──────── EXTRACTED ENTRIES ────────

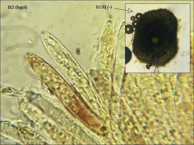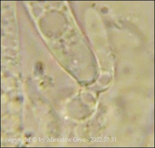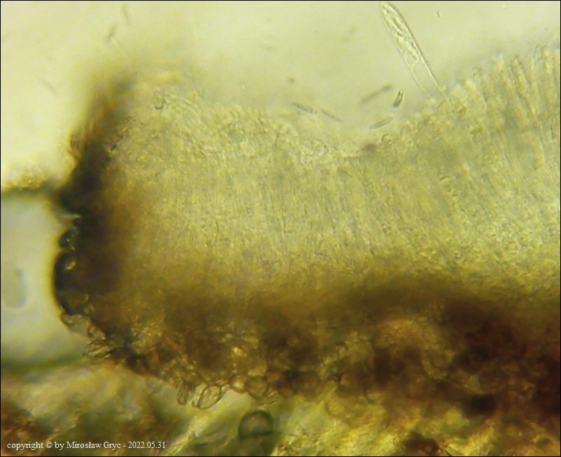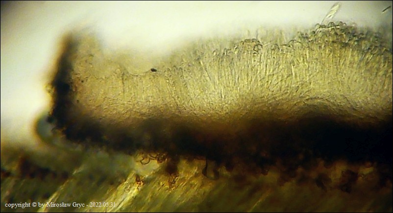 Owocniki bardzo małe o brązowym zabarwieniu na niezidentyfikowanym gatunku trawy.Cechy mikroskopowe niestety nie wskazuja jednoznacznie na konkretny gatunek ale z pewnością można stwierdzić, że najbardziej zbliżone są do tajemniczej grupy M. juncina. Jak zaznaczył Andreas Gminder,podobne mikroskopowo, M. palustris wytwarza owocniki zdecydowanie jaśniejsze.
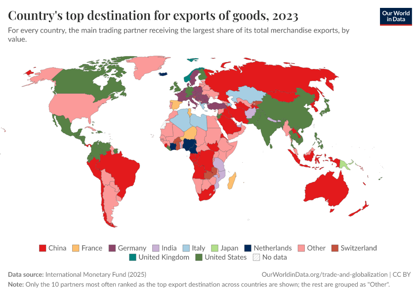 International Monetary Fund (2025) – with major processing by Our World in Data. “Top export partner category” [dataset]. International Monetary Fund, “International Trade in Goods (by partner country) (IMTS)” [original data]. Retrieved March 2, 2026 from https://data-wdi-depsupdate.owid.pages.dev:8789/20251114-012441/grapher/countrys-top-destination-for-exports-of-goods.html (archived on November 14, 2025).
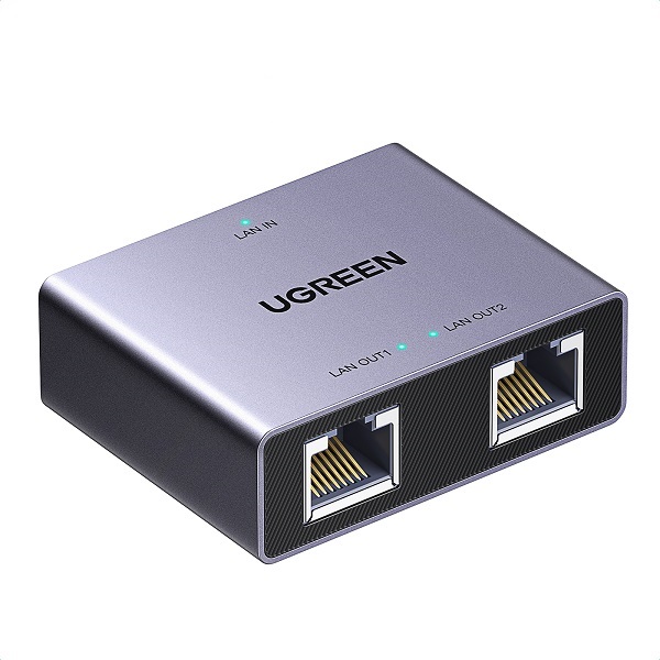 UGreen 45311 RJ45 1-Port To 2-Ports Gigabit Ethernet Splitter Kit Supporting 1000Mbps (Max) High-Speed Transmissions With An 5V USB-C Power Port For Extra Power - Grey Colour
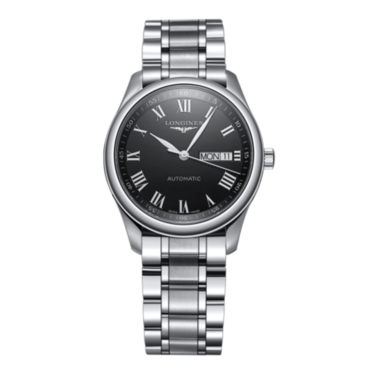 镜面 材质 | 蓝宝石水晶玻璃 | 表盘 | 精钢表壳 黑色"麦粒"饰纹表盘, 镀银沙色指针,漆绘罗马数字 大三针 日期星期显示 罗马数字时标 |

────────
──────── EXTRACTED ENTRIES ────────

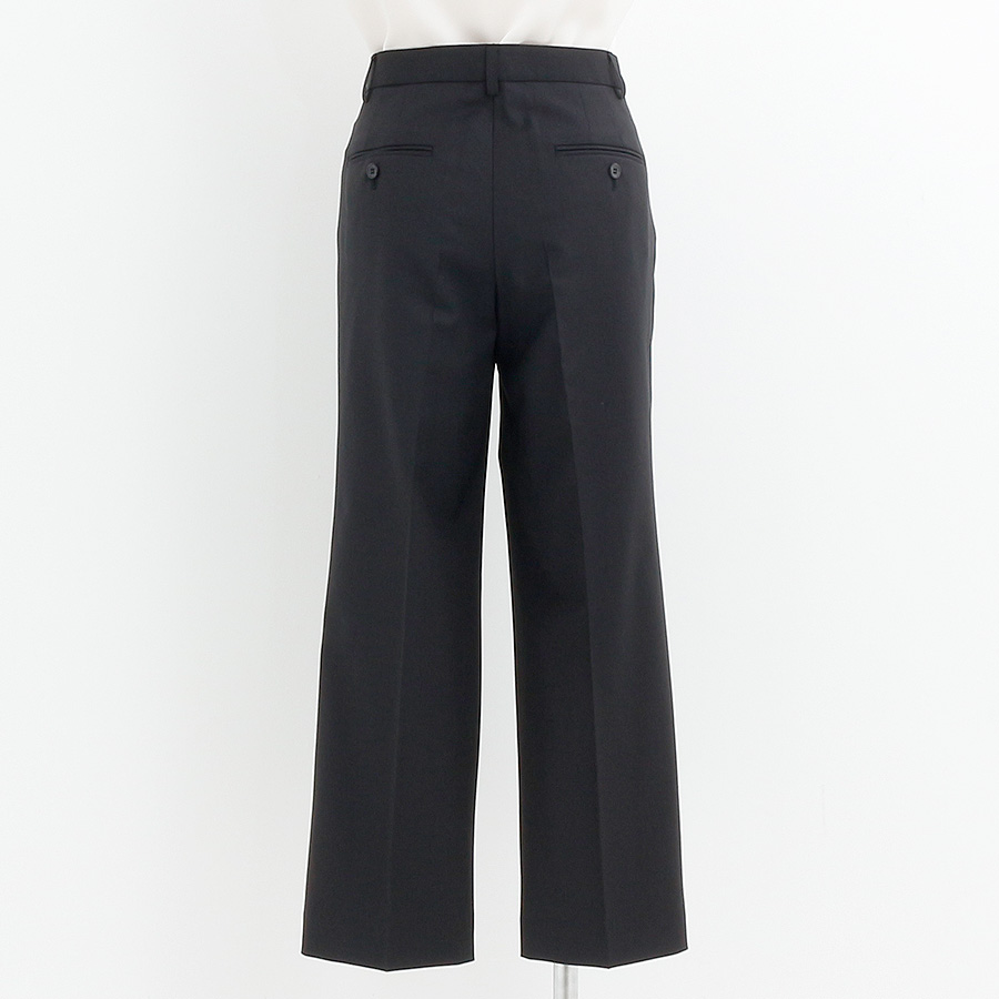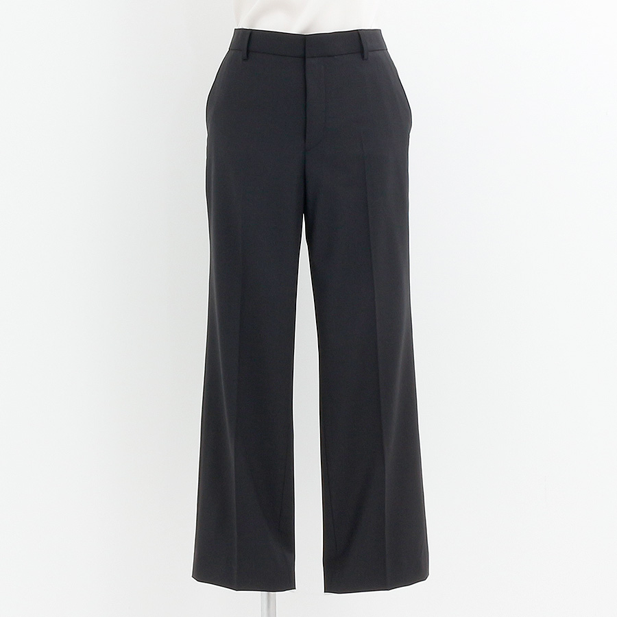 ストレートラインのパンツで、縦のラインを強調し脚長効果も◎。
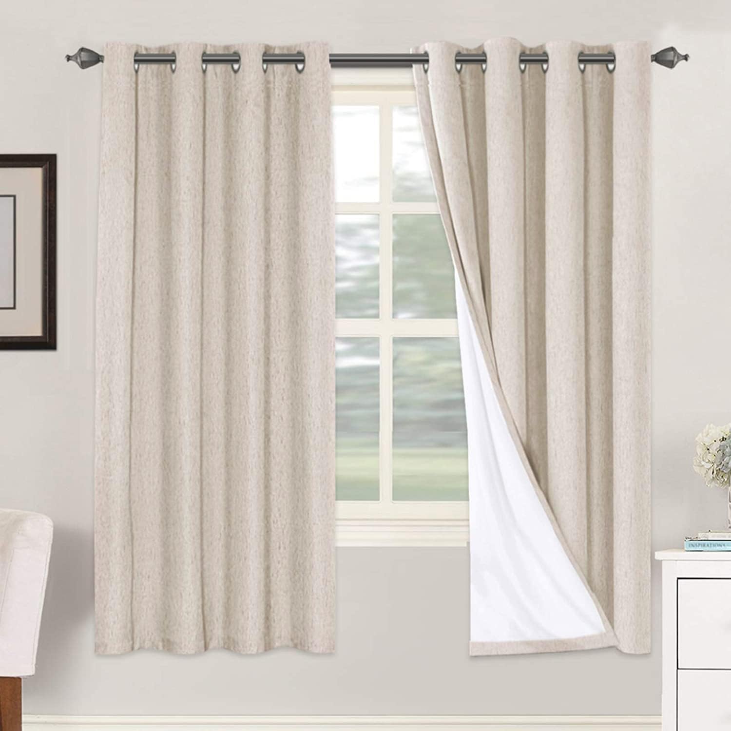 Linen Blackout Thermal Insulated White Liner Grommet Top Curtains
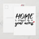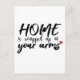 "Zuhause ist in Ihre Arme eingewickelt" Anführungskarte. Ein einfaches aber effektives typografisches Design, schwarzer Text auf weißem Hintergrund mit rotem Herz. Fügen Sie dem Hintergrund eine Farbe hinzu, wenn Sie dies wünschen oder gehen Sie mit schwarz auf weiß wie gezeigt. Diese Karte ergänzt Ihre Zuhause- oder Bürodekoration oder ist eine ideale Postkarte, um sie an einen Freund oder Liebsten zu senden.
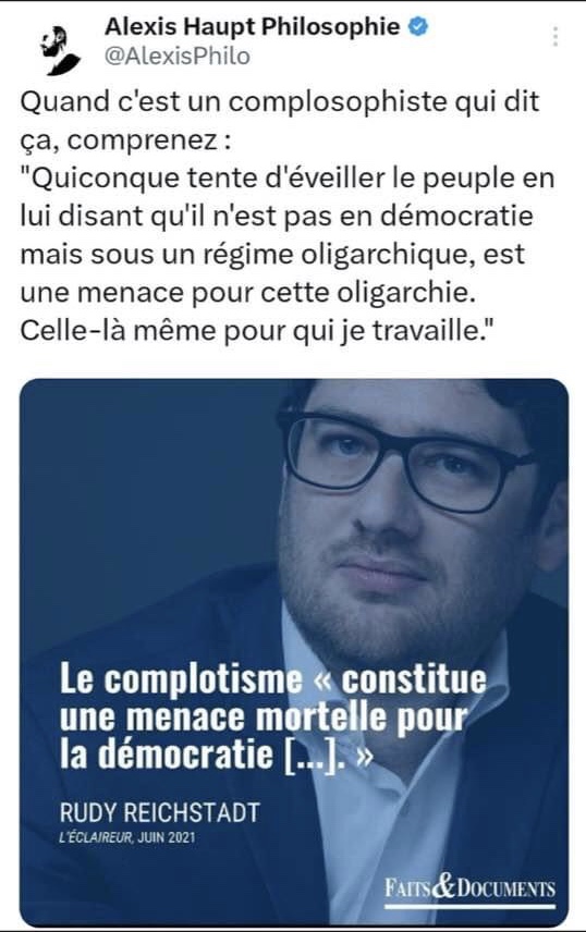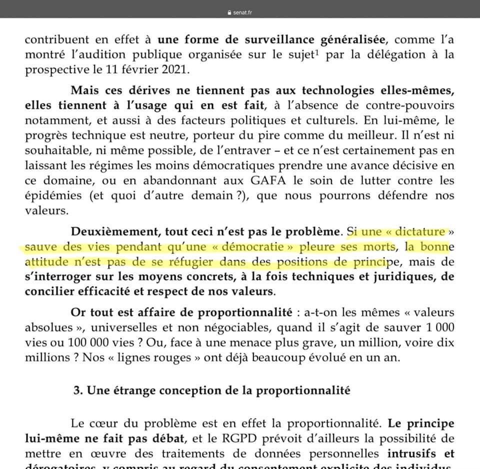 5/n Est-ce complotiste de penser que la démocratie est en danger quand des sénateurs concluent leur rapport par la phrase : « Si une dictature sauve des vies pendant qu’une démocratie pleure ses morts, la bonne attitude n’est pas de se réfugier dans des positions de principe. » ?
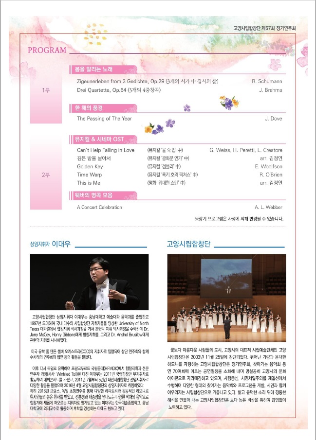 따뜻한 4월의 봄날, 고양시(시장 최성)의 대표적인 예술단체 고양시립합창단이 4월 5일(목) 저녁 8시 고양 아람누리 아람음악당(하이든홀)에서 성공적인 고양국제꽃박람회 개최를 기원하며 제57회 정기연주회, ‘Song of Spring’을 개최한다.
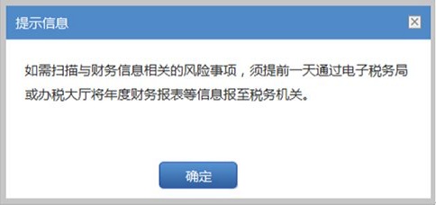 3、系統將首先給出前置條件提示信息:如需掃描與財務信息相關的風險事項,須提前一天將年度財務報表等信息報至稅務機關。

────────
──────── EXTRACTED ENTRIES ────────

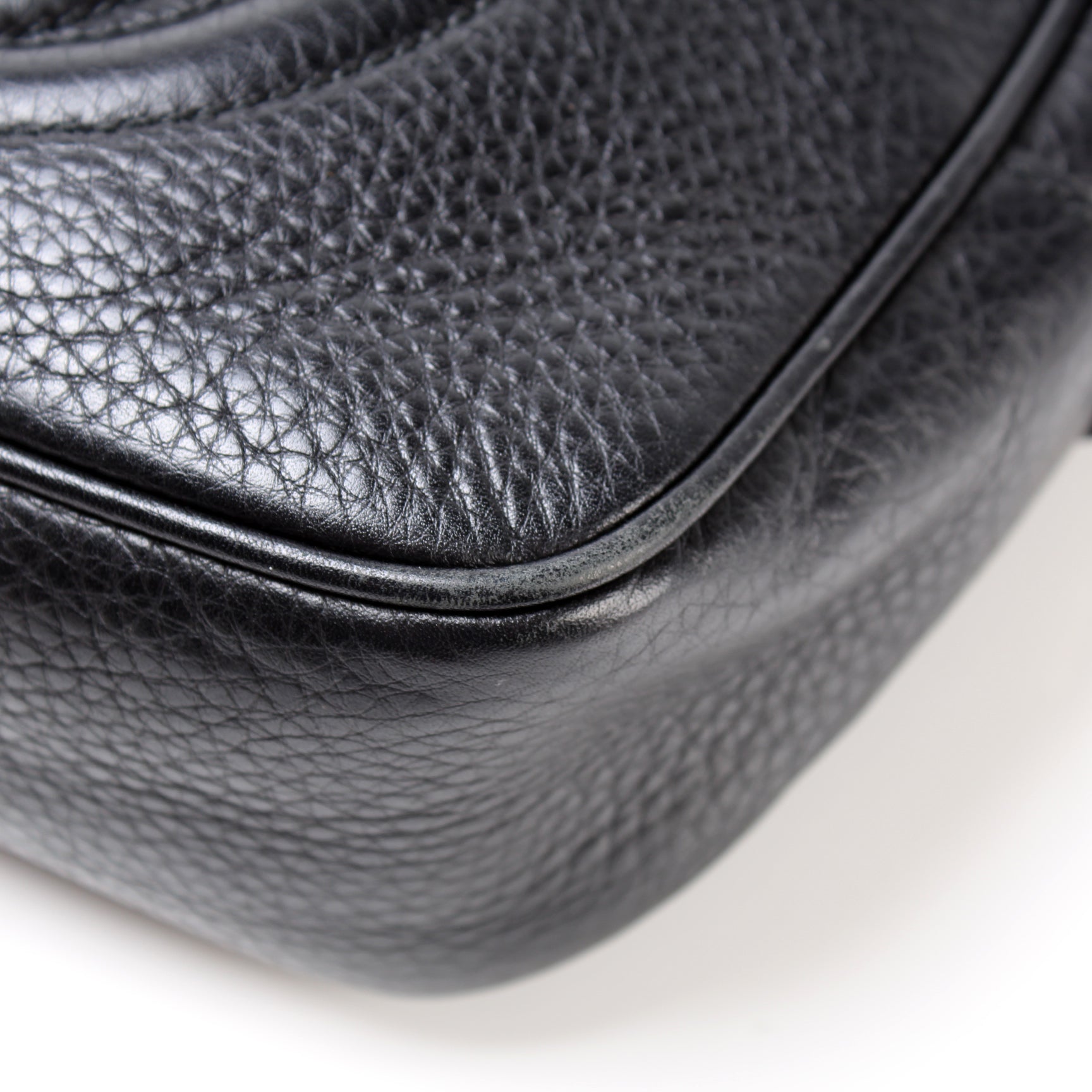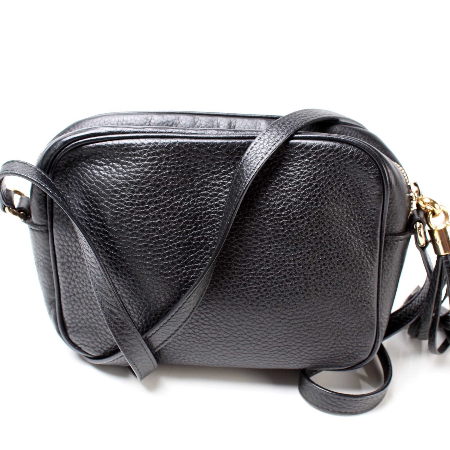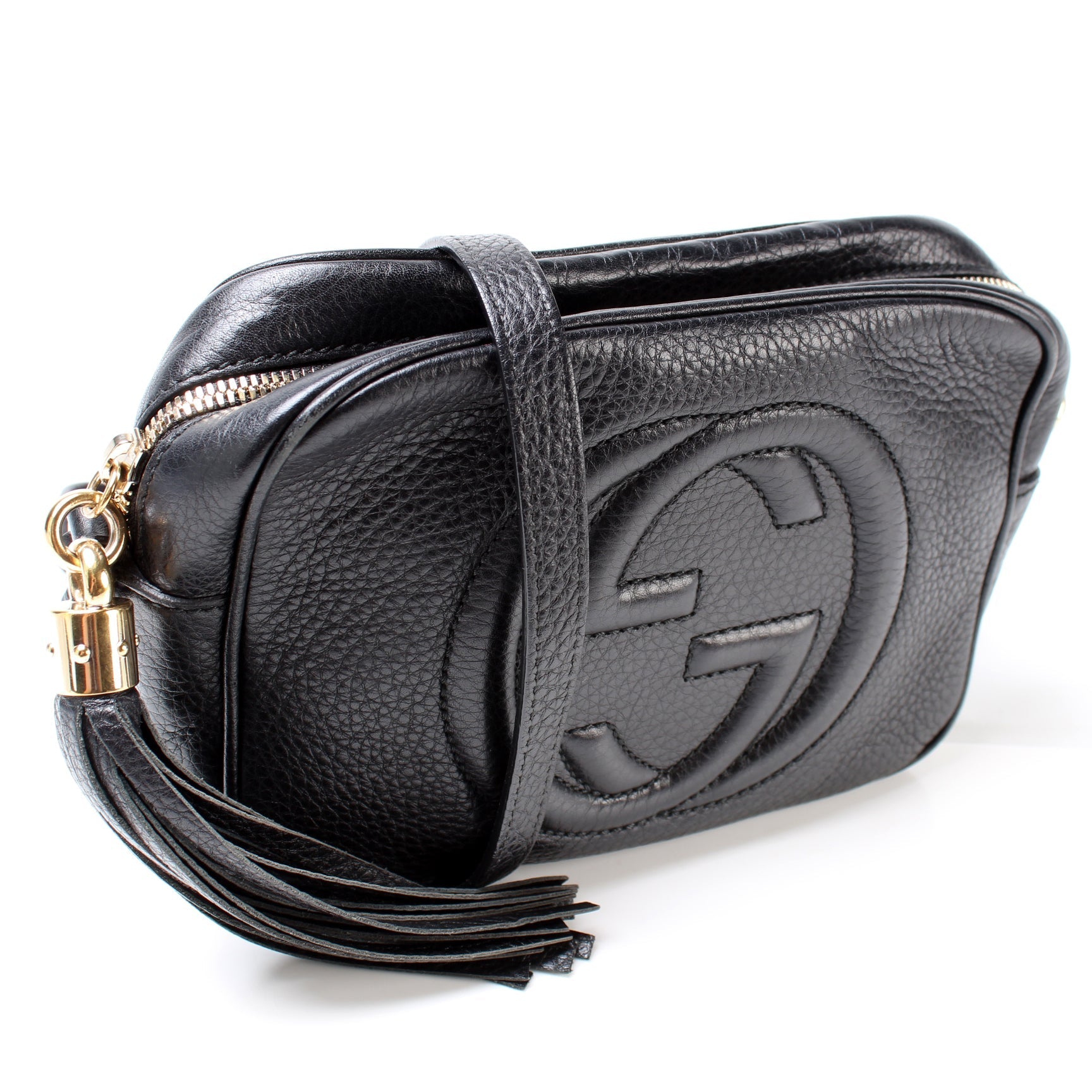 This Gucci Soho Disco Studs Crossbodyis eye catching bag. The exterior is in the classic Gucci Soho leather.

────────

• **EXERCISE GOAL**
A verbatim reproduction is expected: starting at the line above that has "UGreen 45311 RJ45", ending at the line that has "镜面 材质 | 蓝宝石水晶玻璃", both included, and with no pictures and no other lines.

• **OUTPUT**
 UGreen 45311 RJ45 1-Port To 2-Ports Gigabit Ethernet Splitter Kit Supporting 1000Mbps (Max) High-Speed Transmissions With An 5V USB-C Power Port For Extra Power - Grey Colour
 镜面 材质 | 蓝宝石水晶玻璃 | 表盘 | 精钢表壳 黑色"麦粒"饰纹表盘, 镀银沙色指针,漆绘罗马数字 大三针 日期星期显示 罗马数字时标 |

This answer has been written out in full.